Что тут началось! Его обвинили во всех смертных грехах, и на совете колледжа поставили вопрос о его немедленном отчислении. Ни связи, ни деньги родителей не смогли повлиять на изменение, или смягчение наказания. Его исключили из колледжа, и отправили на принудительное психиатрическое обследование в закрытую клинику.

За ним приехали прямо домой. Когда его забирали, родители даже не попытались встать на защиту своего единственного сына. По дороге в клинику, представив в деталях, как надругаются над его естеством, когда выплывет наружу всё, что им так тщательно скрывалось, он принял единственное, как ему казалось, верное решение.
 
Напрягши свои внушительные мышцы, он сломал решётку, отделяющую его от водителя с охранником, свернул шею одному, и слегка придушив второго, заставил того загнать машину в глухой переулок. Крепко связав водителя его же брючным ремнём и ремнём охранника, он заткнул ему рот форменной матерчатой шапочкой, выбил ударом ноги замок на задних дверцах, и выбрался из машины.  Затем он выволок водителя из-за руля, и запихнул его в стоящий неподалёку мусорный бак, сверху закинул тело охранника. Захлопнув крышку, он парой ударов деформировал бак, чтобы какой-нибудь бездомный, в надежде чем-то поживиться, не смог его открыть. Кое-как закрепив сломанные дверцы, он сел за руль, и поехал в сторону ближайших ворот в высокой стальной стене окружающей город.
   
 Он надеялся прорваться сквозь охрану, которая днём держала массивные ворота открытыми. Въезд в город перекрывался только лёгким передвижным забором из колючей проволоки.

Расчёт был прост. Никто, во всяком случае на его памяти, не пытался вырваться наружу, впрочем, как и попасть внутрь городских стен.
 
Перед воротами он разогнался до максимально возможной скорости…

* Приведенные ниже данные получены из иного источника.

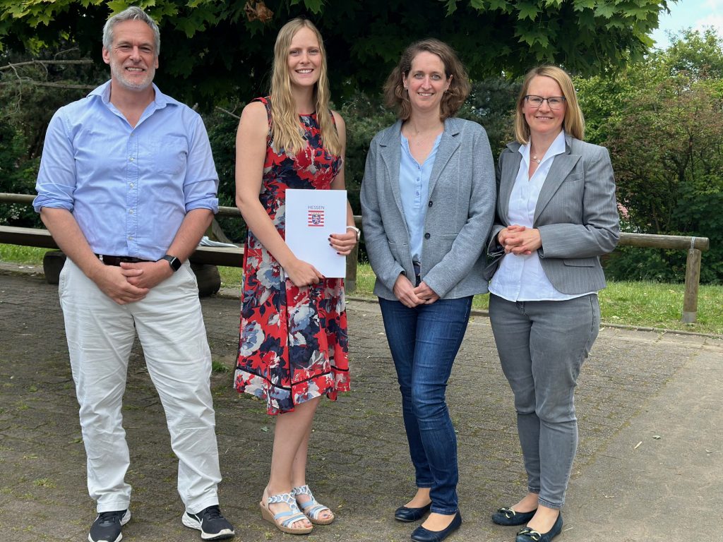 Esther Weil hat am 13. Juni 2024 erfolgreich ihre Anerkennungsprüfung an der Georg-August-Zinn-Schule Reichelsheim absolviert. Ihr in der USA erworbener Lehramtsabschluss wird nun auch in Hessen anerkannt. Die junge Pädagogin darf ab sofort die Fächer Mathematik und Englisch bis zum Abitur unterrichten.

 Охранники бросились в стороны от несущейся на них тяжёлой машины, которая покорёжив, и отбросив ограждение, помчалась по выщербленному, покрытому трещинами шоссе.
   
У него всё получилось! Он даже не испугался звука врезающихся в металл кузова пуль.
 
Пока не кончился бензин, он гнал машину все дальше и дальше от постылого, омерзительного города, наобум сворачивая с шоссе на просёлочные дороги. По пути встречались заброшенные дома, с торчащими сквозь провалившиеся крыши кронами деревьев, густо заросшие молодняком пашни, покосившиеся, поседевшие досщатые амбары.

Была уже ночь, когда он бросил заглохшую машину недалеко от какой-то фермы. Ещё вечером небо стали затягивать свинцово-серые тучи, угрюмыми цеппелинами плывшие на фоне алеющего заката. Ожидаемо пошёл дождь. Он спрятался в каком-то сарае, зарывшись в огромную, зачем-то собранную кучу сухой травы, приятно волнующую обоняние незнакомыми ароматами.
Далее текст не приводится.